I was not rude about Nina K, she is my friend and I admire her. I was making a comment on my relationship with people and with the city of London. London brings out my ego and my ego although necessary will only cause me pain in the long run.

Anonymous said...
5. your music is amateurish at best. BE REAL, DAVE. YOU KNOW WHAT IS GOOD AND BAD? Do you sound like Damien Rice? LISTEN TO YOUR LYRICS? Do you really have a future as a musician??The answer is no. An overwhelming no. You are in France now as a schalet ( spelt wrong) boy. Gettttttttttttttt outtttttttttttttttttt!!!!
6. i want to help you but your arrogance appals me!
Why so angry? I would be really interested in the tracks of mine you have listened to. I love Damian Rice, and I do not claim to be Damian Rice, I am David Patrick Carter, and thats enough right now. I am also not a Chalet Boy, I am a maintenance man and I provide the entertainment on a Tuesday evening in Le Terminus. More importantly this time last year I was shattered in a Rehab in Cape Town and now I building working relationships, working for a company in the mountains, booking gigs and about to record a brand new album. And for me that´s cool. I´m happy.
12 December 2008 01:47
Anonymous said...
if you would like to really get better, i would help you.
my home is yours.
i have a spare bedroom.
i am, unfortunately,
still your friend.
i have THICK skin. punchable, and i am possibly unbeatble in a fight.
and i have taken more drugs than you.
and i am stronger than you, and totally unafraid of you or any man. i have to deal with terror every day the likes of which you have NO comprehension.
i would do it for 1 reason and 1 reason only.
for your kids.

There is hope in this part of the comment. You state you are still my friend! So we were friends before? That´s great, maybe we can be friends again?

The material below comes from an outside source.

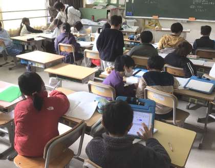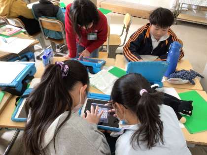 今まで探究してきた「食」についての発表会の準備をしています。学習用タブレットや画用紙を使って、見出しや文、図、写真などのレイアウトを工夫して分かりやすい発表になるようにグループで考えています。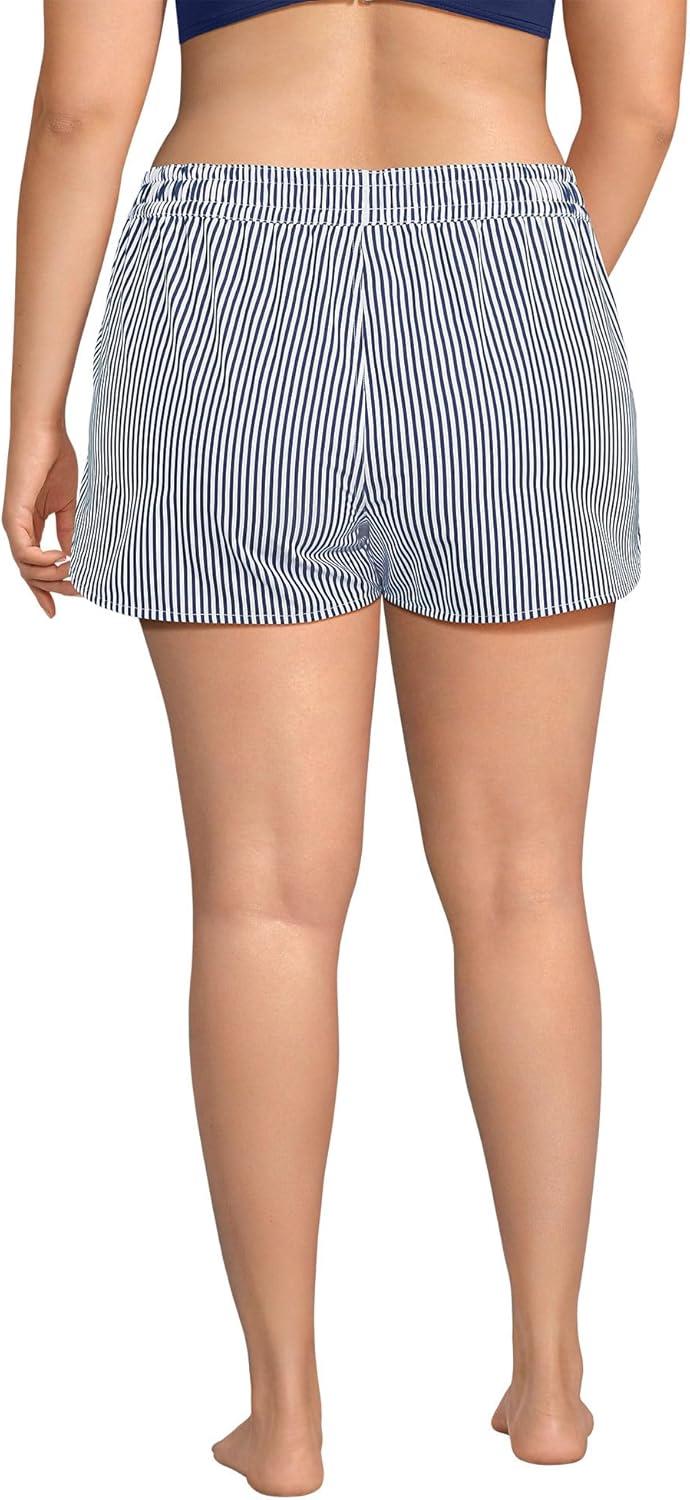 Lands’ End Women’s Woven Packable 3″ Dolphin Hem Swim Cover-up Shorts(Deep Sea Navy Mini Stripe)

So who is this, writing the comments? Does it matter? I don´t reflect the anger any more and that´s great. Everything you say about me, you actually feel about yourself. Thank you for the offer of help, that´s very kind and you just never know when I might be calling for assistance.

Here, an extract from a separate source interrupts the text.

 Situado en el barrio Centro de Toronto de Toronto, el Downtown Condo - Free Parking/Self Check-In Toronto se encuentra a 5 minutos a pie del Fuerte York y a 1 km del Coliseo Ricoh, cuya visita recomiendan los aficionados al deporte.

So where does this leave me and my blog?
I am still in the same place. I am going to continue to share my thoughts and my experiences on line and I believe that by doing so I am making a difference, maybe not to anyone else, maybe only a difference to my own life. When I write about my life I am taking responsibility for my actions in the past, therefore deleting the power out of my compulsive behaviour. I am walking a path that will help me deal with living and dying in a more positive and serene manner. I am determined not to take ALL of my character defects with me to my next level of conciousness. I live in a broken world, I am broken, I am human, I accept who I am.

Lots of things are changing in my life and next blog I would like to talk about opportunities that are arising for me in the US. I have a song up for a movie, and to celebrate we are giving that particular song away as a free download on line, all we ask for in return is your email address.

10 comments:

Anonymous said...

Hey annonymous, you would make far better use of your energy putting it into something positive rather than being such an out and out shit. Take a look at yourself before you become such an expert on how someone else should live their lives. Or ever hear the phrase if you don't have anything nice to say don't say anything say all, try it some time.
Hooper, Spain

Unknown said...

you know I have recieved some lovely messages from people... its great... recovery is not easy and I make mistakes all the time, and I am growing and thats good enough for me, jacob and eloise...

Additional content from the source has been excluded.